Assigned task:
Leave out the pictures, and quote exactly the lines running from the one with "2、【文字动画视频】创新性地" through the last line of the entries below.

Source data:

-------------------------

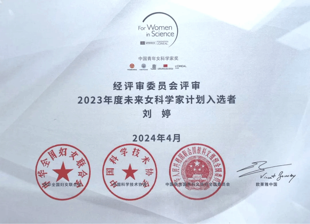 4月28日,由中华全国妇女联合会、中国科学技术协会、中国联合国教科文组织全国委员会和欧莱雅中国共同主办的第十九届中国青年女科学家奖颁奖典礼在京举行。awc777万象城娱乐官网刘婷副教授入选第八届未来女科学家计划(全国共10人)。2023年,刘思聪副教授入选第七届未来女科学家计划,学院青年教师连续两届入选该计划。
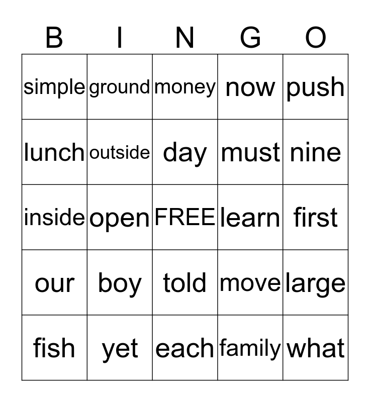 This bingo card has a free space and 25 words: boy, each, day, fish, push, simple, lunch, ground, learn, told, must, inside, move, large, outside, eat, first, money, nine, open, what, yet, our, now and family.
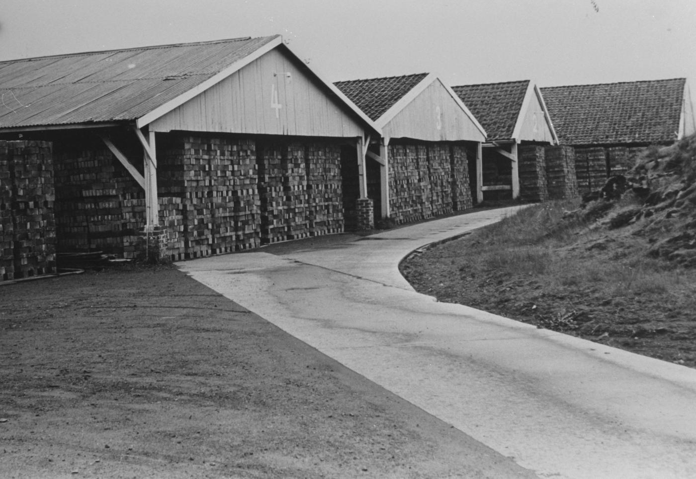 Bricks stored at Vårdal Teglverk. In 1955, a forklift truck was bought for lifting and transport. A track was also made of concrete. There were in all seven storage sheds.
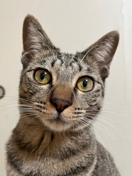 | 特徴(性格など) | 2024.4.14生まれ(推定) 毛色:キジトラ 長いまっすぐシッポ、お目々くりくりのキジトラの女の子です。 超甘えん坊&食いしん坊!! 人も猫も大好きで、よく猫団子や膝の上に乗ってきます♡ また食べるのが早く、姉妹や先住猫のご飯をいつも狙ってます。 もちろんチュールは膝の上の1番良い席で食べます。 遊ぶのも大好きで、走り回ったり、ジャンプしたりとずっと遊んでいます。 クラッキングが得意です♪ |
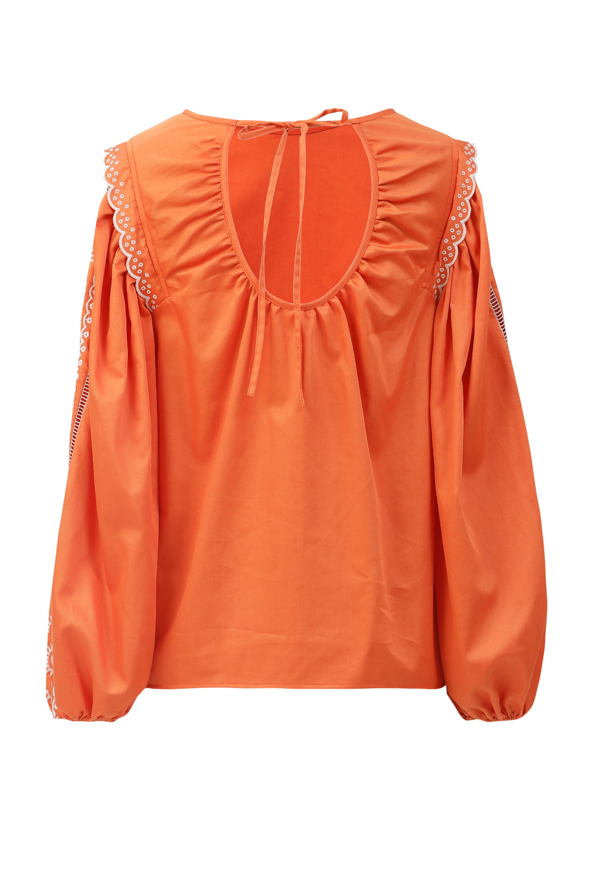 Add a burst of sunshine to your wardrobe with the Nora Embroidered Blouse. Featuring bright orange fabric and intricately embroidered sleeves, it brings fun and flair to any outfit. The tied-back neck adds a charming, flirty touch, perfect for playful days and lively evenings alike.
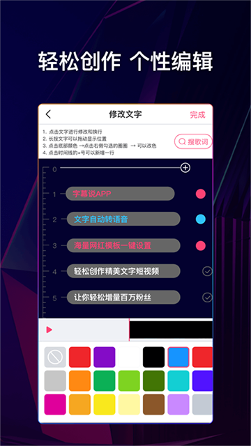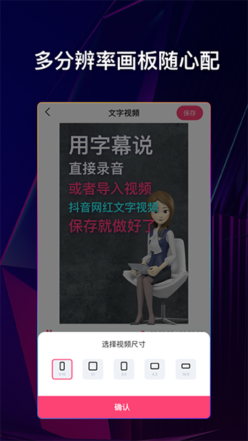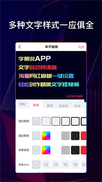 2、【文字动画视频】创新性地将语音或本地视频内容自动转换为动态文字动画,提供20余种文字旋转特效和50多种背景特效组合,每个文字都能独立设置动画参数,打造独一无二的文字视觉盛宴。
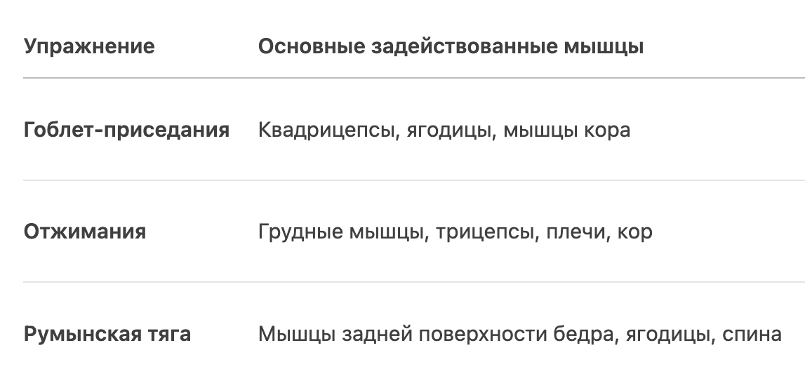 - Пятница: Гоблет-приседания (3 подхода по 8-12 повторений), Румынская тяга (3 подхода по 8-10 повторений)
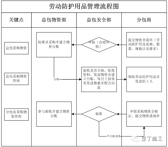 1、總包采購勞動防護(hù)用品:安全帽、安全鞋、工作服、反光背心。以上由分包商申請,總包統(tǒng)一采購發(fā)放,費用從工程款中扣除。

-------------------------

Result of the task:
 2、【文字动画视频】创新性地将语音或本地视频内容自动转换为动态文字动画,提供20余种文字旋转特效和50多种背景特效组合,每个文字都能独立设置动画参数,打造独一无二的文字视觉盛宴。
 - Пятница: Гоблет-приседания (3 подхода по 8-12 повторений), Румынская тяга (3 подхода по 8-10 повторений)
 1、總包采購勞動防護(hù)用品:安全帽、安全鞋、工作服、反光背心。以上由分包商申請,總包統(tǒng)一采購發(fā)放,費用從工程款中扣除。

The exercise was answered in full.